-- Provided entries follows --

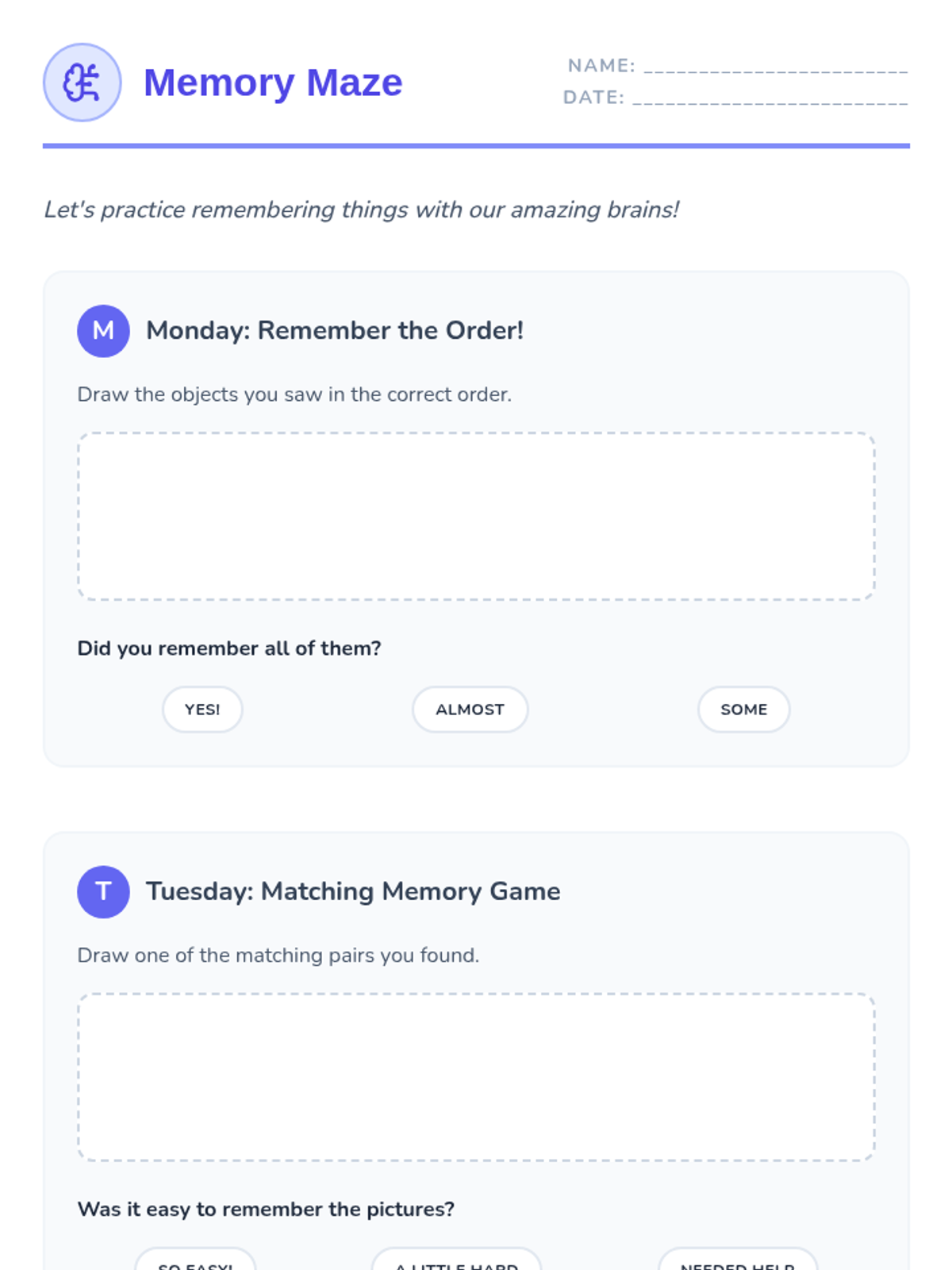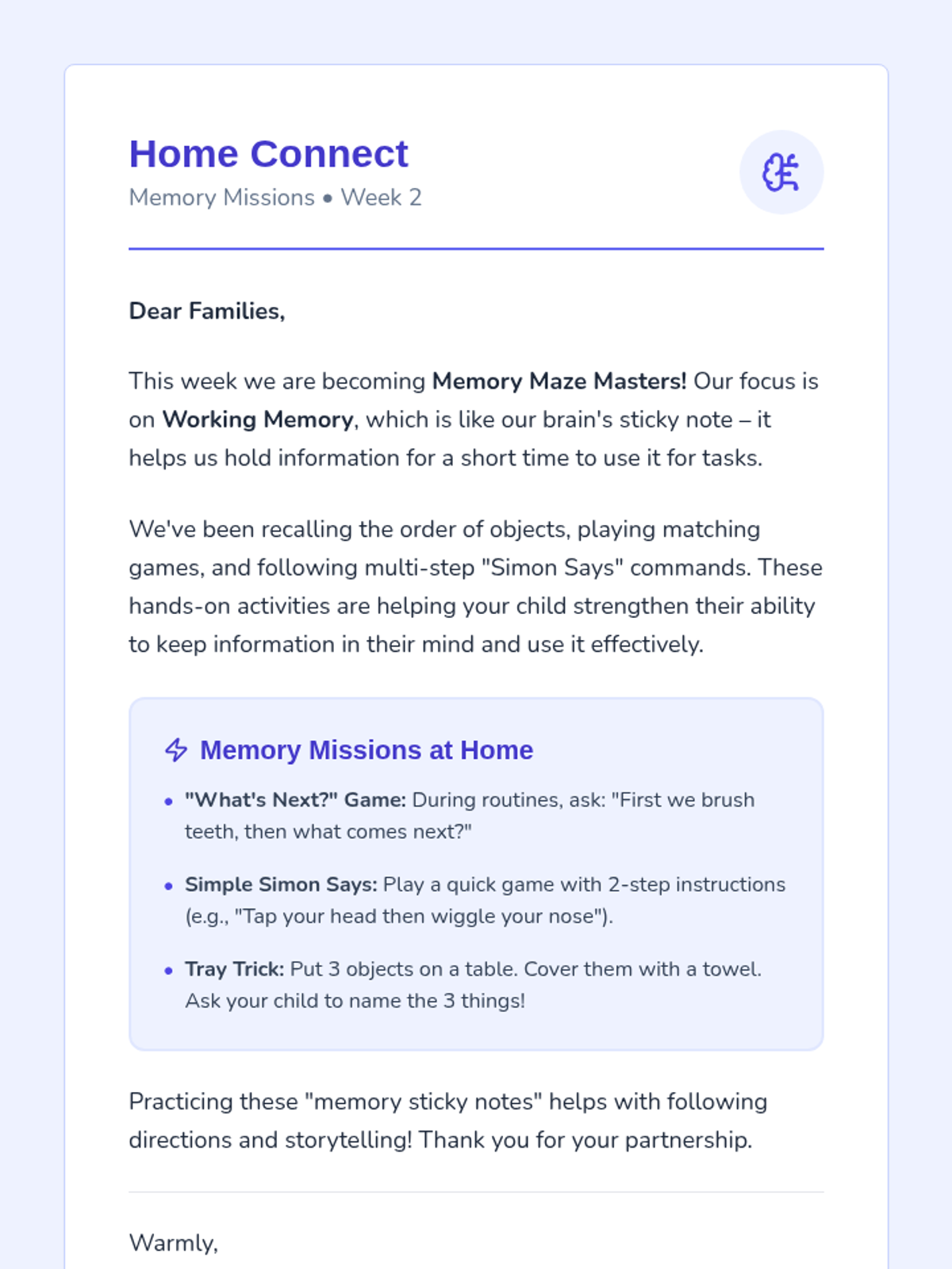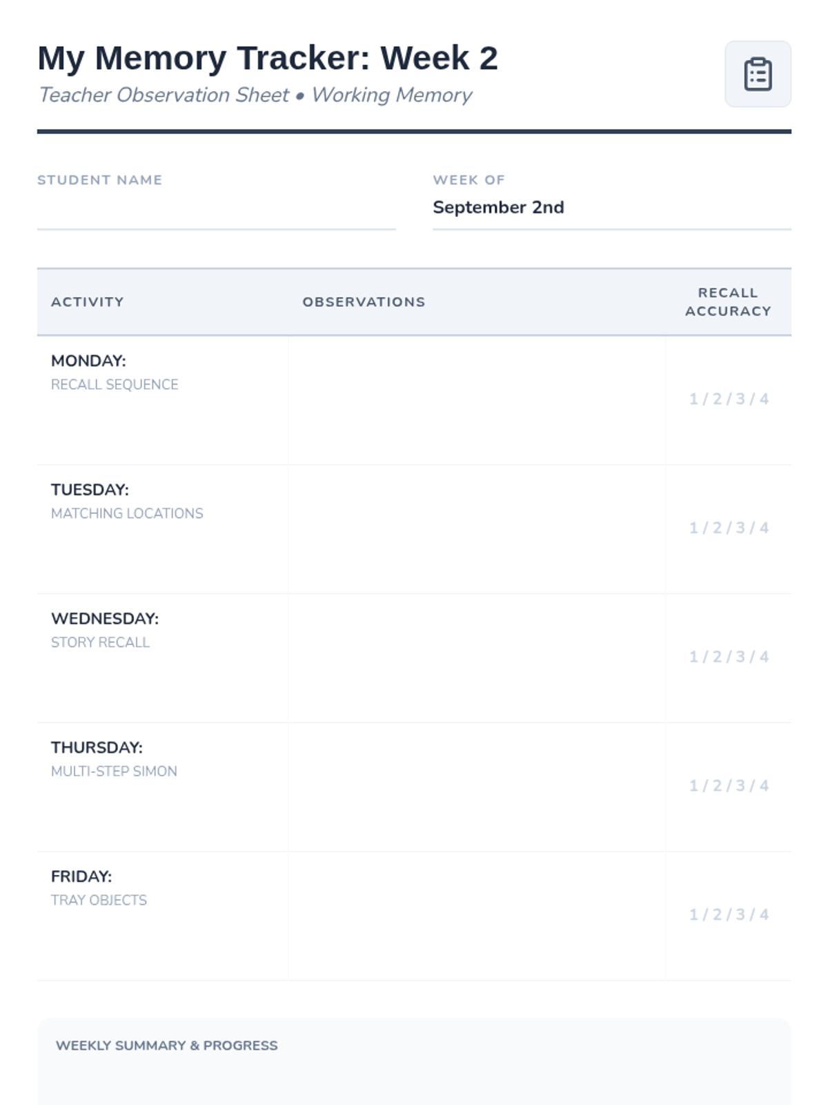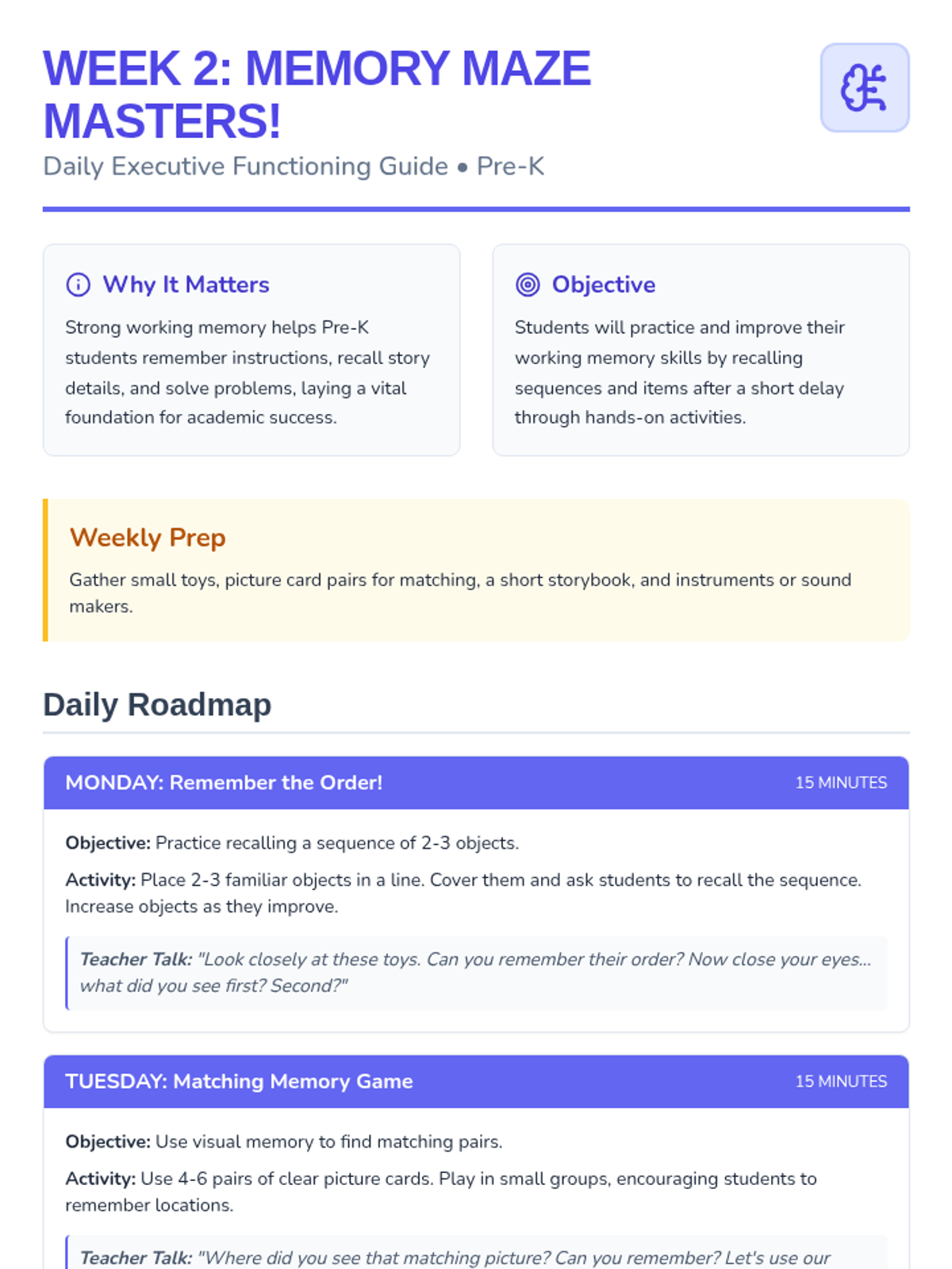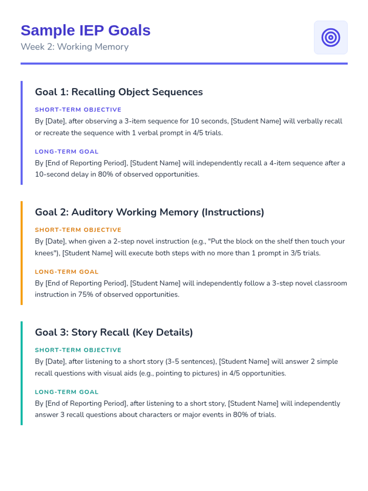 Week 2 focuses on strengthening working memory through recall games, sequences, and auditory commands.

-- Provided entries concluded --
-- Provided entries follows --

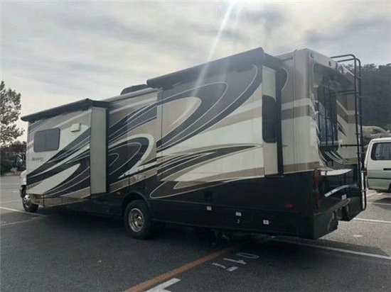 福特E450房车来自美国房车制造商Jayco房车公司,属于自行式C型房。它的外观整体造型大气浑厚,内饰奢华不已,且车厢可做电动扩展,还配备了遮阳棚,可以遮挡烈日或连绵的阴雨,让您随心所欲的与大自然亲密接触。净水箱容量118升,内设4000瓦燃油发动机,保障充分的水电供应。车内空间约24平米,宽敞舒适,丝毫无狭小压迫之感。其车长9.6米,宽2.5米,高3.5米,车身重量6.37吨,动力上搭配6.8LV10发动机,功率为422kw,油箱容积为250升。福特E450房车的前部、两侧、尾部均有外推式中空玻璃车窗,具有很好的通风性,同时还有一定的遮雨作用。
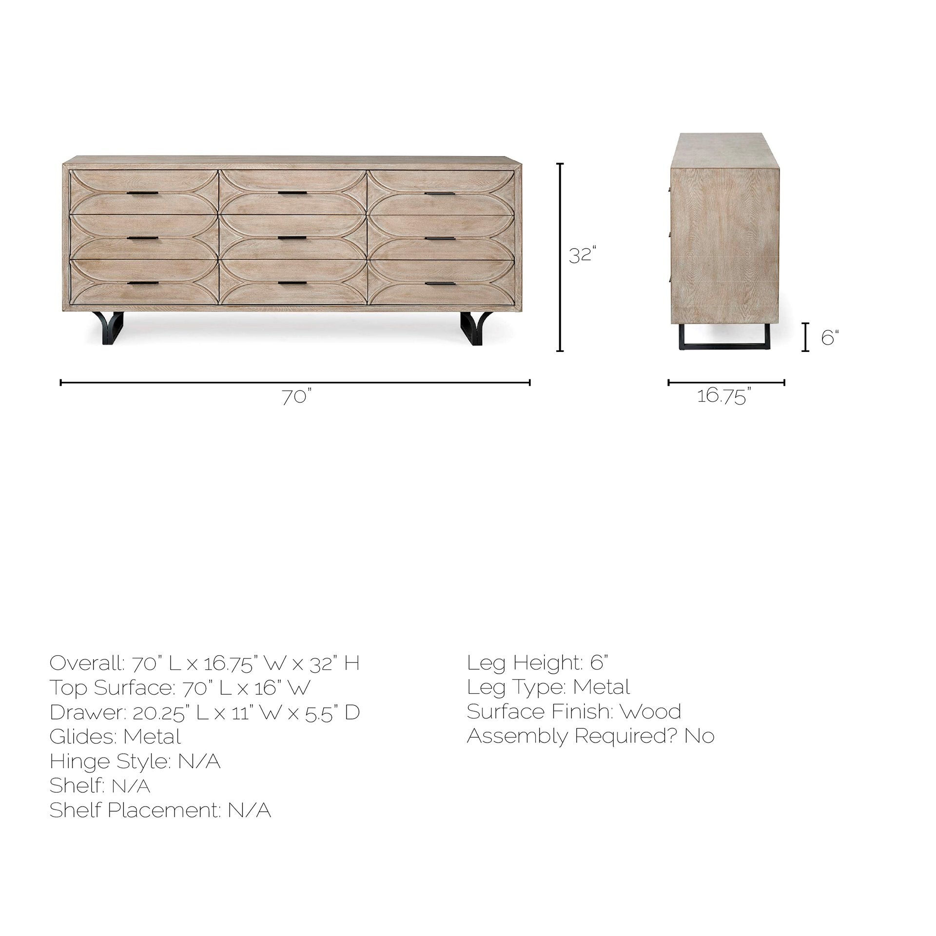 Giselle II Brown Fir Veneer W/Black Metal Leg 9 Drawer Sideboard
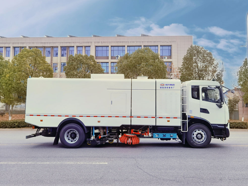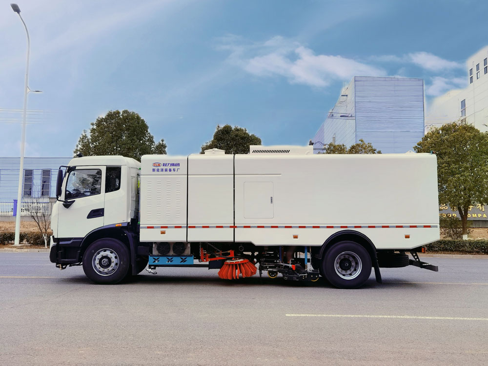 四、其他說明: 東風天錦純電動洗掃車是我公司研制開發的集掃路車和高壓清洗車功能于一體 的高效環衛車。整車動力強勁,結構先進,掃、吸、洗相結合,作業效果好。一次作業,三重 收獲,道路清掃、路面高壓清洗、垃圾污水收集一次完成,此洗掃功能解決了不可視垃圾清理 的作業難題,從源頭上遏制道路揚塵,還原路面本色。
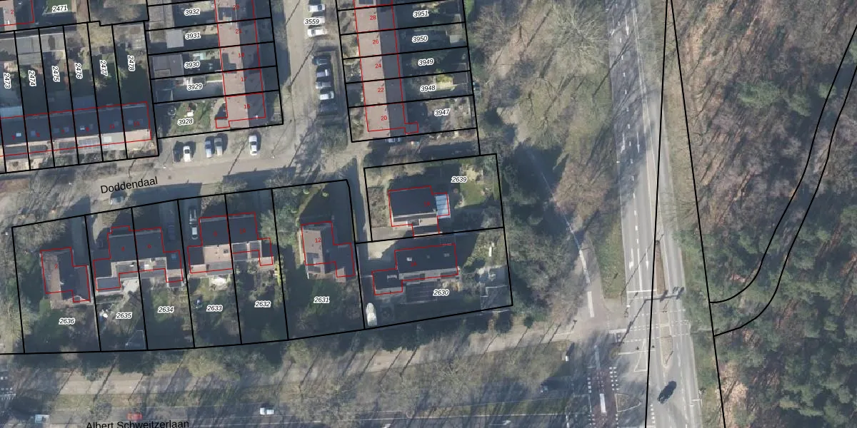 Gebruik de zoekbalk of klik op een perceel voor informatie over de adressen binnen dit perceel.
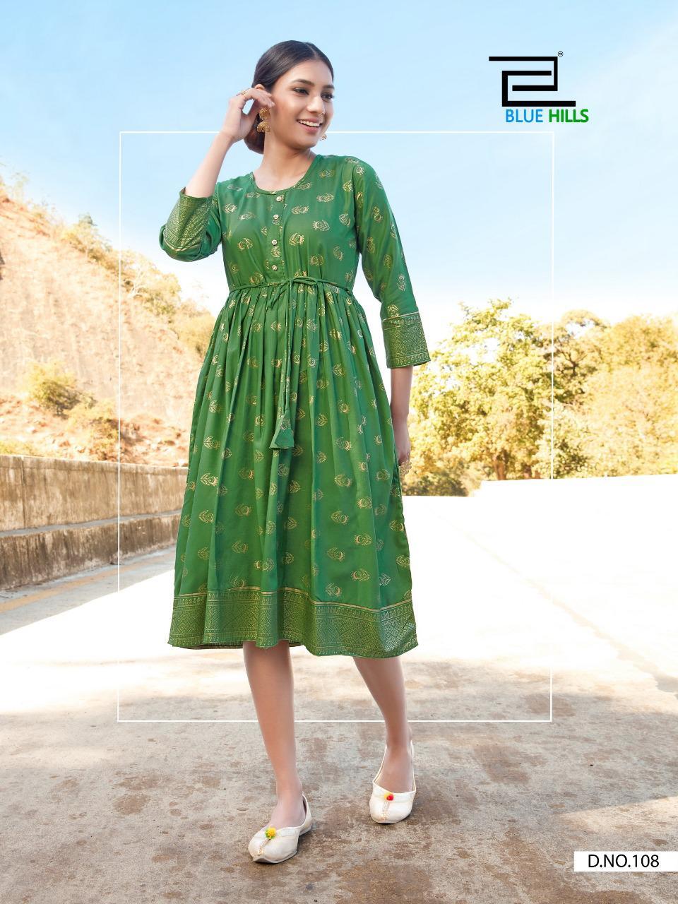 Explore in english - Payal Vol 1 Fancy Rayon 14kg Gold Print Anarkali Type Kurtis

-- Provided entries concluded --

__What you should do__
In the entries above, find the line containing "福特E450房车来自美国房车" and the line containing "Explore in english", then copy both and every line between them exactly, without any picture.

__Reply__
 福特E450房车来自美国房车制造商Jayco房车公司,属于自行式C型房。它的外观整体造型大气浑厚,内饰奢华不已,且车厢可做电动扩展,还配备了遮阳棚,可以遮挡烈日或连绵的阴雨,让您随心所欲的与大自然亲密接触。净水箱容量118升,内设4000瓦燃油发动机,保障充分的水电供应。车内空间约24平米,宽敞舒适,丝毫无狭小压迫之感。其车长9.6米,宽2.5米,高3.5米,车身重量6.37吨,动力上搭配6.8LV10发动机,功率为422kw,油箱容积为250升。福特E450房车的前部、两侧、尾部均有外推式中空玻璃车窗,具有很好的通风性,同时还有一定的遮雨作用。
 Giselle II Brown Fir Veneer W/Black Metal Leg 9 Drawer Sideboard
 四、其他說明: 東風天錦純電動洗掃車是我公司研制開發的集掃路車和高壓清洗車功能于一體 的高效環衛車。整車動力強勁,結構先進,掃、吸、洗相結合,作業效果好。一次作業,三重 收獲,道路清掃、路面高壓清洗、垃圾污水收集一次完成,此洗掃功能解決了不可視垃圾清理 的作業難題,從源頭上遏制道路揚塵,還原路面本色。
 Gebruik de zoekbalk of klik op een perceel voor informatie over de adressen binnen dit perceel.
 Explore in english - Payal Vol 1 Fancy Rayon 14kg Gold Print Anarkali Type Kurtis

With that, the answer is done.